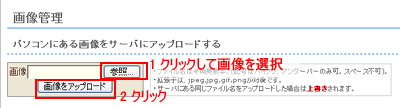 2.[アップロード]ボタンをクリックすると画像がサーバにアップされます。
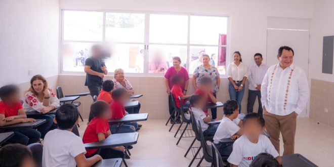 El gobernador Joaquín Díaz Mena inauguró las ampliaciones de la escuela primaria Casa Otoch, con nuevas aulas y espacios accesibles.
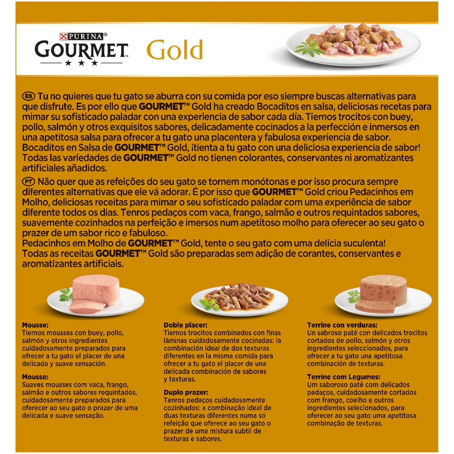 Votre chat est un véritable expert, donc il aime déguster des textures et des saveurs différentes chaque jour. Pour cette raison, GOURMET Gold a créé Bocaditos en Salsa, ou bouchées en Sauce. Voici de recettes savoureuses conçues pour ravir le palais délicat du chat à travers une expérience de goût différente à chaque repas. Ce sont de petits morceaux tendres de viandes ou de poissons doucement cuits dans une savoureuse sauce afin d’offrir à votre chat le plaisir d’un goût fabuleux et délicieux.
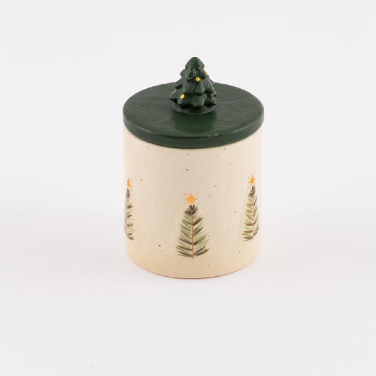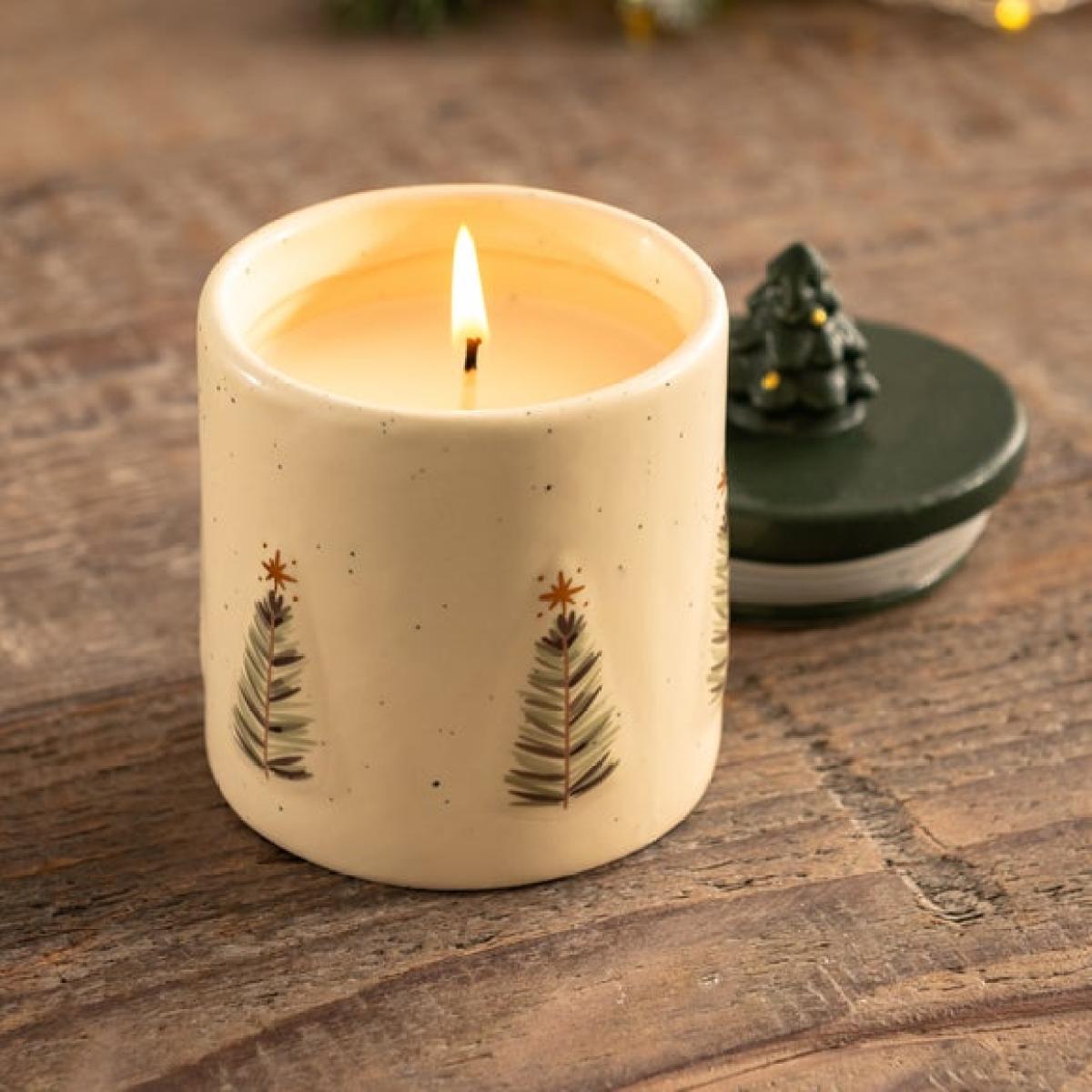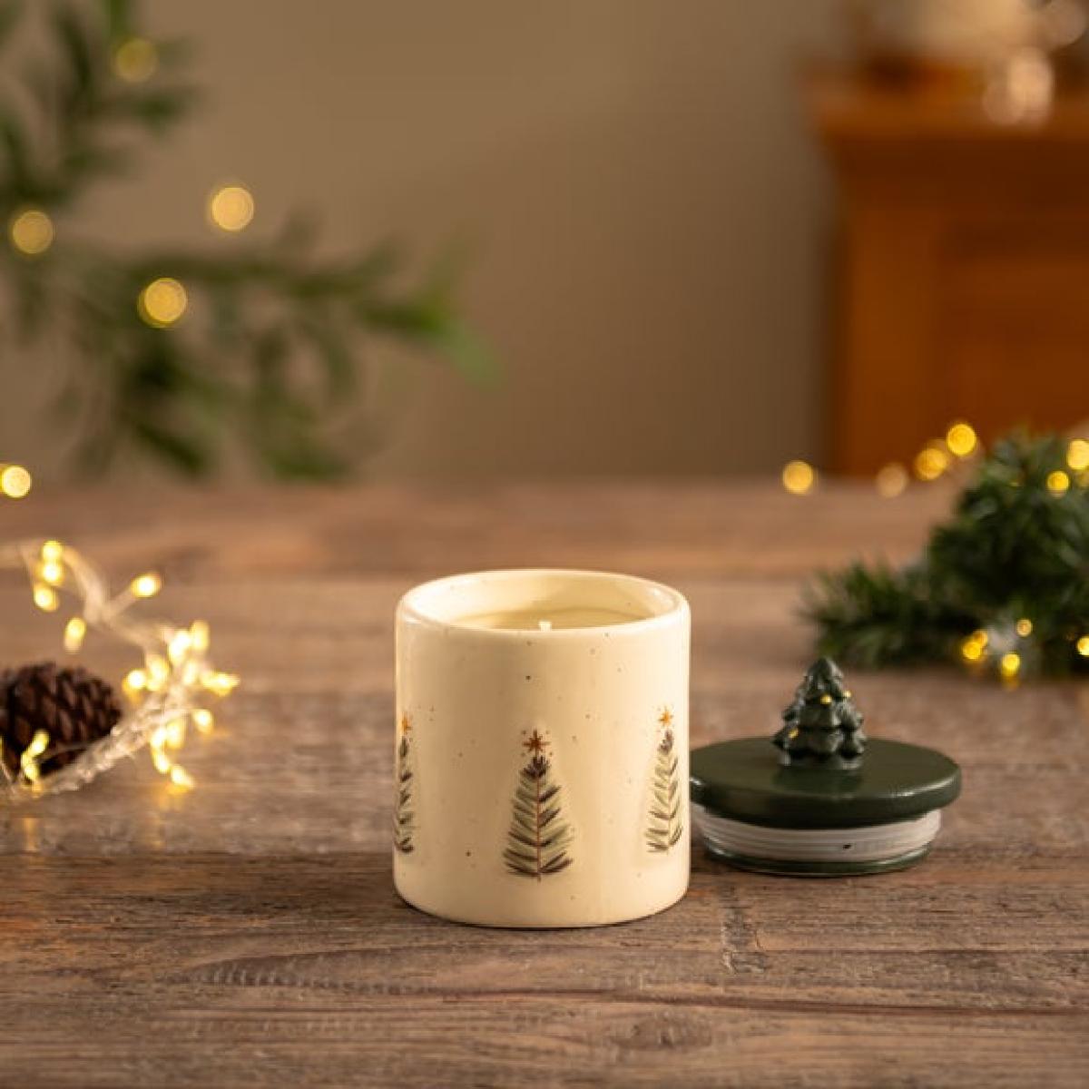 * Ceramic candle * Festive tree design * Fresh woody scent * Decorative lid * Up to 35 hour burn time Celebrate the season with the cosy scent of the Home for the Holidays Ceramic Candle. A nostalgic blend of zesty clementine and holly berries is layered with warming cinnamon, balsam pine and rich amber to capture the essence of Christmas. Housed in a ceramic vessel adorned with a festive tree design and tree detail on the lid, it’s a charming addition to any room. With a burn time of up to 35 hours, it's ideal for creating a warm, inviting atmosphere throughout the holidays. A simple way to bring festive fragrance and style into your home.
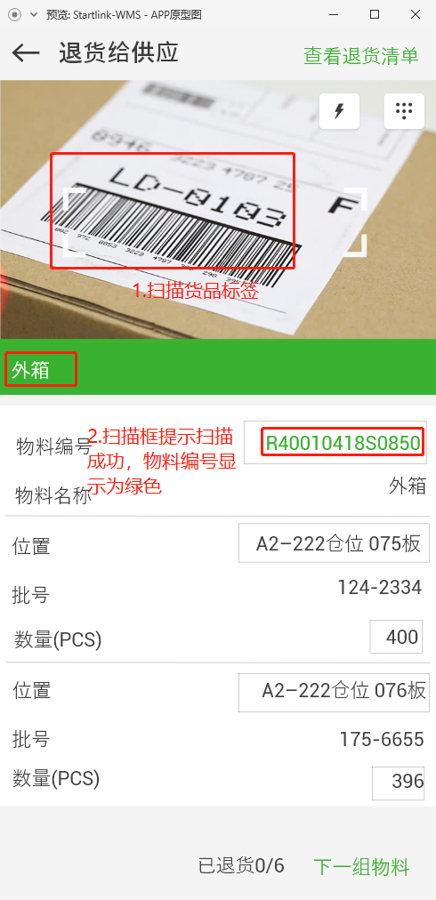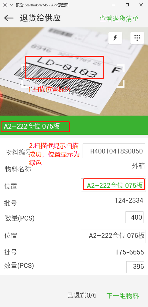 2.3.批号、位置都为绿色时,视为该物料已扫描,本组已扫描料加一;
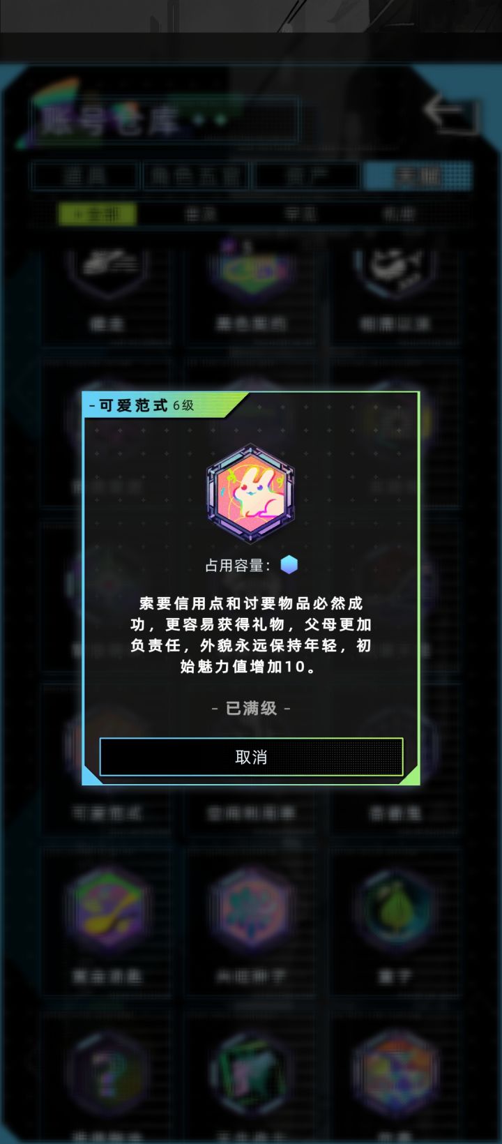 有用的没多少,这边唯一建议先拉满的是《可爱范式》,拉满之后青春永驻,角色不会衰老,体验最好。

____________________

__Exercise aim__
Restate every line of the listing exactly. Pictures are not part of the copy.

__Result of the exercise__
 2.[アップロード]ボタンをクリックすると画像がサーバにアップされます。
 El gobernador Joaquín Díaz Mena inauguró las ampliaciones de la escuela primaria Casa Otoch, con nuevas aulas y espacios accesibles.
 Votre chat est un véritable expert, donc il aime déguster des textures et des saveurs différentes chaque jour. Pour cette raison, GOURMET Gold a créé Bocaditos en Salsa, ou bouchées en Sauce. Voici de recettes savoureuses conçues pour ravir le palais délicat du chat à travers une expérience de goût différente à chaque repas. Ce sont de petits morceaux tendres de viandes ou de poissons doucement cuits dans une savoureuse sauce afin d’offrir à votre chat le plaisir d’un goût fabuleux et délicieux.
 * Ceramic candle * Festive tree design * Fresh woody scent * Decorative lid * Up to 35 hour burn time Celebrate the season with the cosy scent of the Home for the Holidays Ceramic Candle. A nostalgic blend of zesty clementine and holly berries is layered with warming cinnamon, balsam pine and rich amber to capture the essence of Christmas. Housed in a ceramic vessel adorned with a festive tree design and tree detail on the lid, it’s a charming addition to any room. With a burn time of up to 35 hours, it's ideal for creating a warm, inviting atmosphere throughout the holidays. A simple way to bring festive fragrance and style into your home.
 2.3.批号、位置都为绿色时,视为该物料已扫描,本组已扫描料加一;
 有用的没多少,这边唯一建议先拉满的是《可爱范式》,拉满之后青春永驻,角色不会衰老,体验最好。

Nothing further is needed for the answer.